8. We considered the Coordinate Bench decisions, and the facts which are identical and similar in the earlier years observe that the Ld.DR could not controvert the findings of the CIT(A) with any new cogent evidence or information. We find the Ld.CIT(A) has granted the relief relying on the assessee’s own case of earlier years and passed a reasoned order. Accordingly, we up held the order of the Ld.CIT(A) on these disputed issues and dismiss the grounds of appeal of the revenue.”
9. We note that the Ld CIT(A) has granted the relief to the assessee on the issue, which is in line/view of the Tribunal in assessee’s own case as noted supra. And since the Ld DR could not point out any change in facts or law in respect of any of the assessment years before us, we respectfully following the order of the Tribunal, uphold the impugned action of the Ld. CIT(A) on this issue i.e. ground no. 2 and dismiss this ground of appeal of revenue.
10. In the light of the aforesaid discussion ground nos. 1 & 2 for AY 2013-14, AY 2014-15 & AY 2015-16 stands dismissed on the very same reasoning mutatis mutandis to the relevant years concerned. Thus, we uphold the order of the Ld. CIT(A) and dismiss the ground nos. 1 & 2 of all the three (3) appeals of the revenue.
11. The only remaining issue is with regard disallowance made u/s 14A of the Act i.e. ground no. 3 & 4 for AY 2014-15 & AY 2015-16.

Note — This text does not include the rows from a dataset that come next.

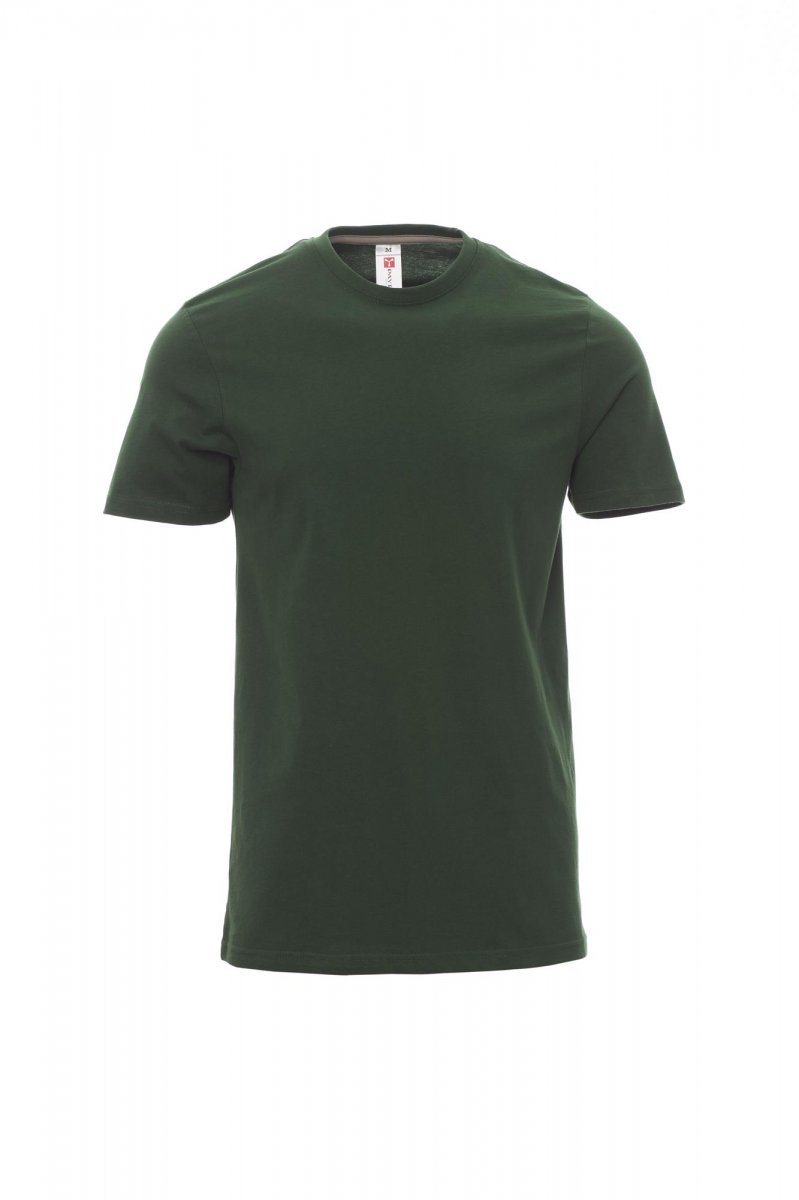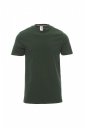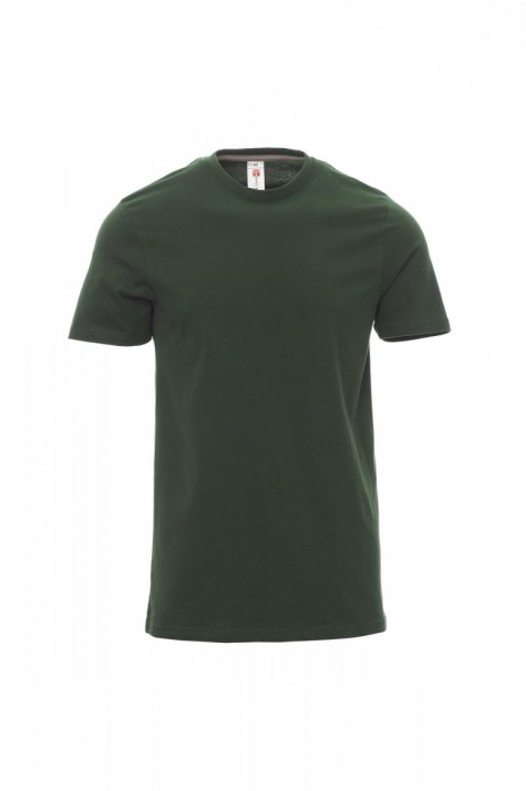 T-shirt z krótkim rękawem męski, dekolt okrągły, z wykończeniem dekoltu w postaci taśmy 1,5 cm ściągacza z dodatkiem spandeksu, obszycie wierzchnie z przodu, kontrastująca taśma wzmacniająca na całej szerokości barków, widoczna na spodniej części kołnierzyka, szwy elastyczne, szwy na bokach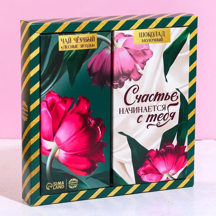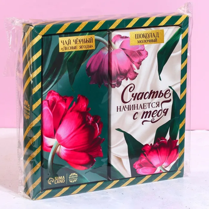 Подарочный набор «Счастье начинается с тебя»: чай чёрный с лесными ягодами 50 г., молочный шоколад 70 г. — Характеристики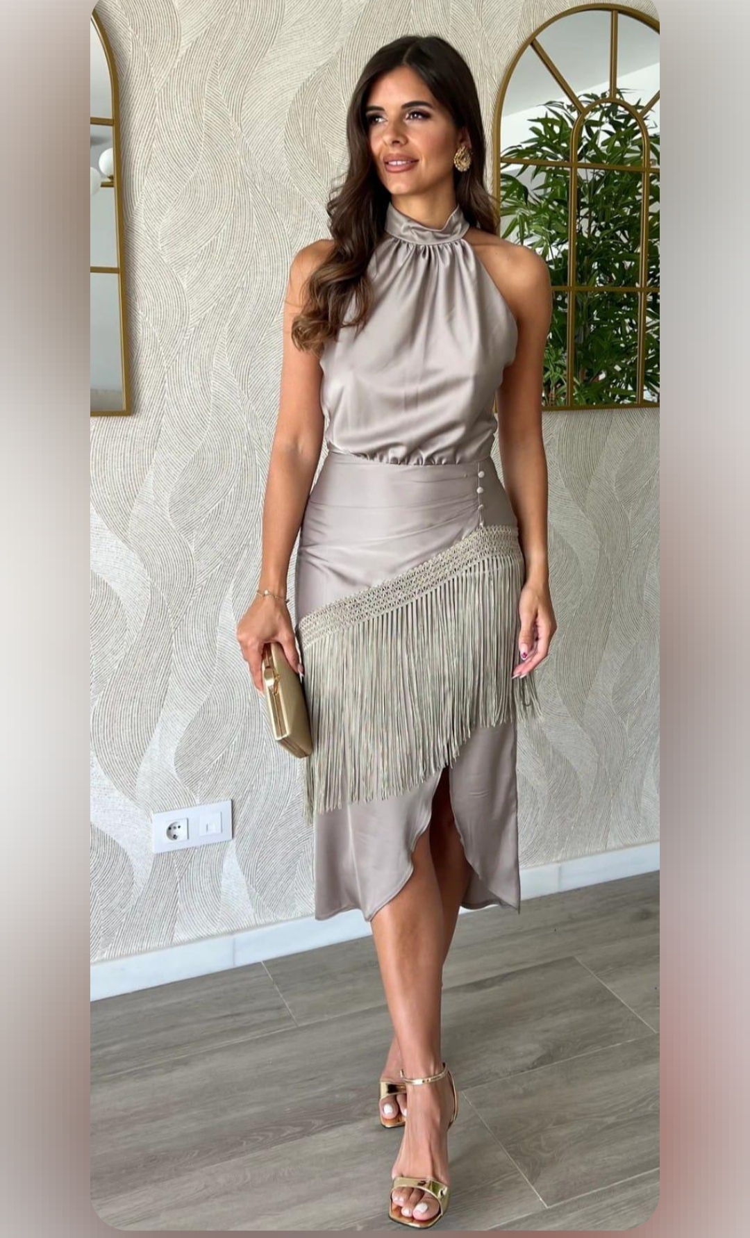 Vestido en tejido satinado con elastano con cuello halter, drapeado frontal y flecos decorativos.

12. At the outset, the Ld. AR of the assessee brought to our notice that the assessee did not receive any exempt income which fact is undisputed before us. In this factual back ground, we take note of the decision of the Hon’ble Delhi High Court in the case of Cheminvest Ltd. vs CIT (378 ITR 33) wherein the Hon’ble High Court held that when the assessee did not earn any exempt income, no disallowance u/s 14A of the Act is warranted. This view has been followed by this Tribunal in the recent decision in the case of CIT Vs. V.K. Raheja Corporate Services Pvt. Ltd (ITA. No. 1970/Mum/2021 & ITA. No. 2218/Mum/2021 dated 03.08.2022) wherein we also have held that the amendment inserted in Section 14A of the Act vide Finance Act, 2021 is prospective in operation. So we following the decision of the Hon’ble Delhi High Court in Cheminvest Ltd. uphold the action of Ld. CIT(A) that if no exempt income is received by the assessee, no disallowance u/s 14A of the Act is warranted. Thus, this grounds of appeals of the revenue for AY 2014-15 and AY 2015-16 stands dismissed.
13. In the result, all the captioned appeals of the revenue stands dismissed.
Order pronounced in the open court on this 02/09/2022.